I think the lifestyle kind
of tears away at your soul. Like all the reasons you get into it. It’s
hard to hang on to those small reasons that force you to make music. Like the
passion of it, the need to just be onstage and to scream. It’s easy to
lose that through all the business and the bureaucracy of trying to put your
album out and trying to do a show and not get ripped off and get out on the
road and make a little bit of money so you can pay your rent. It’s a tough
life. You have to give up everything to do it. There are sides to it that are
amazing. You can’t give up. It’s like a drug. You just can’t
let it go. But you’re always thinking, this is ruining my life and I’ve
sacrificed so much just to do this. And therein lies the tragedy. We’ve
all sacrificed so much, and we’ve lost so many people. And you can’t
help but think it has so much to do with the lifestyle we’ve chosen to
live.



So somebody’s girlfriend
really did commit suicide?



The story is all there.
It’s all the Makers.



Give me some particular
examples.



The album is pretty much
the story of one year in the life of the Makers. I don’t want to get too
in detail about it, because I think the album is as far as we want to go with
it without saying too much.



I guess I didn’t realize
it was supposed to be autobiographical.
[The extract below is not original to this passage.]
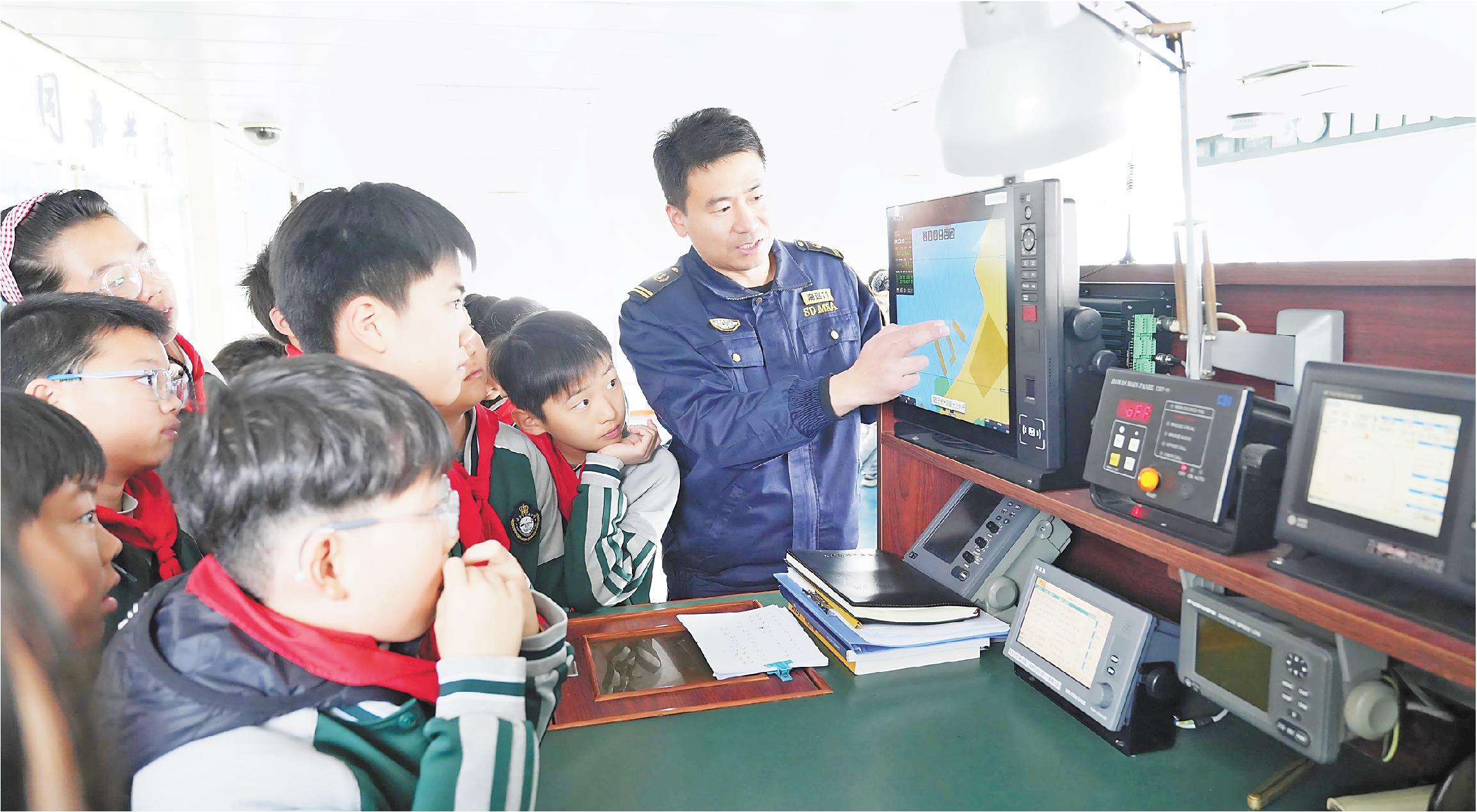 3月27日,交通运输部北海航海保障中心青岛航标处联合青岛海事局,依托“海巡11”轮这一海上移动教育基地,共同举办“守护蔚蓝,安全同行”主题实践活动,进行防溺水安全教育、参观“海巡11”驾驶室、甲板实训、急救知识学习等,增强青少年水上安全意识,普及防溺水知识,提升海上遇险自救与逃生能力。

I don’t get the sense of confessional,
personal history here.



Well, that’s the big
difference between the traditional concept album of the 1970s and also that’s
what’s responsible for the stigma people have toward the concept album.
It’s just that the concept is usually so absurd. And it’s only because
it happened to be something that was overdone in the 1970s. But for us it means
something completely different. And I would probably approach the album with
a little bit of skepticism, because I too remember 2112 and that’s
what comes to mind when I think of concept albums. But I mean, we’re modern
people. We’re not trying to revive anything from the past. We’re not
nostalgic people. We’re just totally modern men. We don’t want to
hand people any sort of phantasmagorical cosmic bullshit.



Well, the case could be
made that dressing up in outlandish leather and stuff is also a fiction. It’s
tough for me to see the sincerity that you’re talking about when your band
is all glammed up.



The difference is that with
us, what you see is what you get. I don’t expect everyone to understand
that. You’re not gonna really know who we are. We’re not high-profile.
But the way we look, we look that way all the time. A lot of people take that
the wrong way, that we’re some sort of elitists. We’re just freaks
who like to dress up. We’re not real eccentric people. We live normal lives.
We scrape by every day. We live hand to mouth… But there’s one thing
that anybody can get from our albums: honesty and sincerity. And as absurd as
it may sound, it’s exactly who we are. From the stupid clothes we wear
to the stupid stories we have to tell, it’s us.